Ist Blutzuckermessen für Gesunde sinnvoll? |
Isabel Weinert |
04.06.2024 08:30 Uhr |
Für Diabetiker sind kontinuierliche Glucosemesssysteme ein enormer Gewinn an Lebensqualität. Für gesunde Menschen hingegen kann die dauernde Beschäftigung mit den körpereigenen Funktionen eine Belastung sein. / Foto: Adobe Stock/Dragoljub
Typ-1-Diabetiker kommen um das dauernde Messen der eigenen Blutzuckerwerte lebenslang nicht herum. Bis vor wenigen Jahren mussten sie sich dazu mehrmals täglich in ihre Fingerkuppen piksen. Je nach Diabetesdauer kamen damit bei durchschnittlich fünf Messungen pro Tag mehrere Zehntausend Pikse zusammen. Diese Zeiten sind zum Glück vorbei, seit kontinuierliche Glukosemesssysteme (CGM) die Diabetestherapie bereichern. Mit ihrer Hilfe ist Blutzuckermessen ein Kinderspiel geworden. Für Typ-1-Diabetiker und viele Menschen mit Typ-2-Diabetes ein unschätzbarer Gewinn an Lebensqualität.

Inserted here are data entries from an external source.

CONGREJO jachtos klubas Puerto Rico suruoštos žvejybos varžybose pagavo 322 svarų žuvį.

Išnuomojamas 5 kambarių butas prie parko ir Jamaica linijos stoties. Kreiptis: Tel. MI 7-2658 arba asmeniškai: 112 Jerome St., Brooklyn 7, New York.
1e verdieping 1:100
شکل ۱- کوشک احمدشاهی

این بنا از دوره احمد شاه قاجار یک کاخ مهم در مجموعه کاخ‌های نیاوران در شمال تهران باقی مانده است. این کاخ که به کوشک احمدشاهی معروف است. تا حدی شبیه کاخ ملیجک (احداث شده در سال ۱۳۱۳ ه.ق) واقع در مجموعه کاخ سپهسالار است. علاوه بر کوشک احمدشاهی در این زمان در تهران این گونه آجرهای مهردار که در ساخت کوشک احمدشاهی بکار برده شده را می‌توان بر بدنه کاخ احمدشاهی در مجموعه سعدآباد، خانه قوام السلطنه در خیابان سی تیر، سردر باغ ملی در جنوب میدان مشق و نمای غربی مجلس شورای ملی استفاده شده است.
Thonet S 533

Bei einem gesunden Menschen liegt der Blutzucker nüchtern unter 100 mg/dl (unter 5,6 mmol/l) und zwei Stunden nach einer Mahlzeit unter 140 mg/dl (7,8 mmol/l). Isst ein gesunder Mensch eine stark kohlenhydrathaltige Mahlzeit aus einfachen Kohlenhydraten oder auch aus komplexen, die schnell in die Blutbahn gelangen, dann kann der Blutzucker auch mal sehr kurz höher ansteigen, körpereigenes Insulin senkt ihn aber rasch wieder ab.

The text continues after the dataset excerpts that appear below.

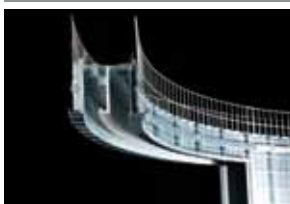
Detalhe da guia curva

Para deslizar na guia curva, os carros deslizantes bi-rodas Eclisse adaptam-se a diferentes raios de curvatura.
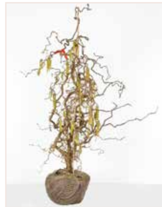
Corylus avellana Contorta
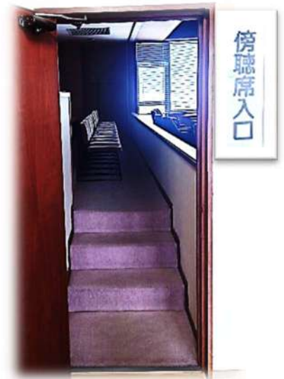
(正面玄関から入り、2階議場へ)
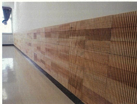
長野合同庁舎5階会議室
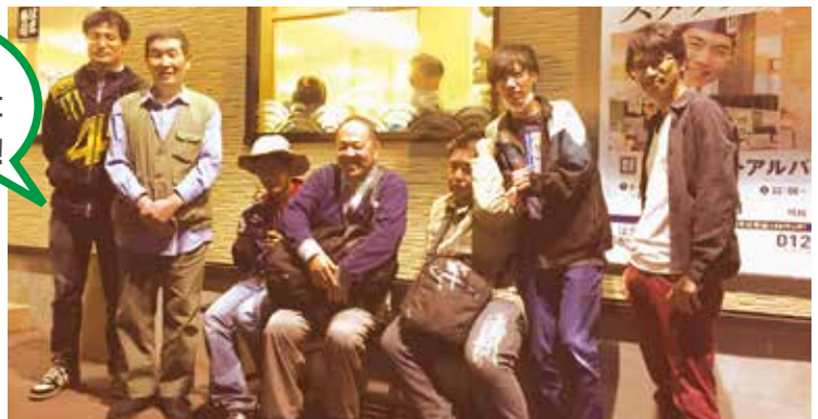
●めいほくホーム●僕たちの街での暮らし②
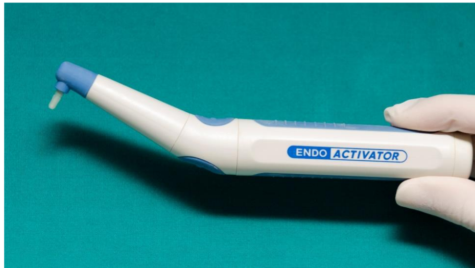
Slika 1. EndoAktivator (Dentply Sirona)
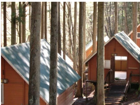
バンガロー（定員 6 名が 1 棟、その他は定員 10 名）
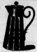
Saftkanne geschliffen m. Nidelfuß Stück 1,00 Mk.
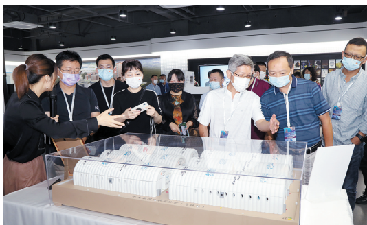
嘉宾们在华大基因北方中心参观交流。
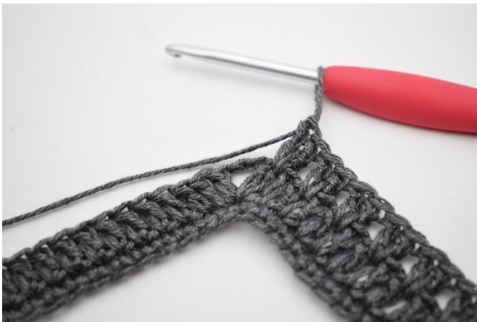
7. Lav "2 ma tra le 2 ma, salta 1 m". Ripeti per 34 volte in totale.
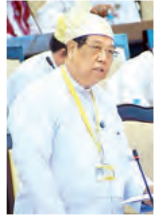
ဒုတိယဝန်ကြီး ဦးစိုးတင့် ဖြေကြားစဉ်။

အစည်းအဝေးတွင် ရန်ကုန်တိုင်းဒေသကြီး မဲဆန္ဒနယ်အမှတ်(၁၂)က ဦးဆွေအောင်၏ နိုင်ငံတော်အစိုးရက ဒေသဖွံ့ဖြိုးရေးအတွက် ဆေး-လောင်းရှည်-စေတုတ္တရာ လမ်းဖောက်လုပ်ရာတွင် နှစ်ပေါင်းများစွာ စားမဦးချလုပ်ကိုင်ခဲ့သော လယ်ယာမြေများ ပျက်စီးဆုံးရှုံး နစ်နာရခြင်းအတွက်
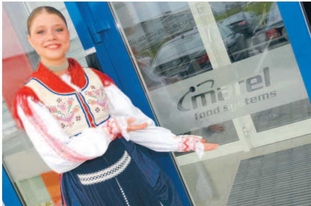
VIÐ INNGANGINN Stúlkur íklæddar þjóðbúningi Slóvaka buðu gesti velkomna í nýju framleiðsluhúsnæði í bænum Nitra á föstudag. Húsið, sem er 9.500 fermetrar að flatarmáli, er agnarsmátt í samanburði við tæplega tíufalt stærra húsnæði Sony sem er skammt frá.

Marelhúsið, sem sést vel frá einum af aðalvegum til Nitra, stendur á nýlegum og stórum iðnaðarskika. Þar hefur fjöldi erlendra fyrirtækja numið land, þekkt sem óþekkt. Tveimur lóðum frá er Promens, eitt dótturfyrirtækja Atorku, langt komið með að reisa hús.
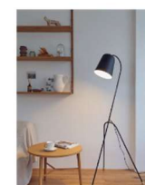
オルネド フォイユ 東京不動産のインテリアショップ「フラッシュ・ヨーロッパ」などからの輸入品を取り扱っている。即座に商品などもっと変わったデザインがあって、お洒落。

Im Rahmen der gesundheitlichen Selbstoptimierung, vor allem auf sozialen Medien wie TikTok, Instagram und Facebook, liegt es stark im Trend, mittels CGM zu tracken, wie sich die eigenen Blutzuckerwerte im Laufe des Tages und bei Aufnahme von Mahlzeiten verhalten.
Einige Influencerinnen und Influencer schreiben möglichst glatten Blutzuckerverläufen ohne größere Ausschläge nach oben oder unten gesundheitliche Vorteile zu. Die dahinterstehende Bewegung nennt sich »Glucose Revolution«. Sie propagiert als gesundheitlichen Nutzen unter anderem mehr Energie, keine Pickel, weniger Falten, Besserung hormoneller Dysbalancen, ein starkes Immunsystem, weniger Depressionen, Schutz vor Alzheimer und weniger Tumorerkrankungen.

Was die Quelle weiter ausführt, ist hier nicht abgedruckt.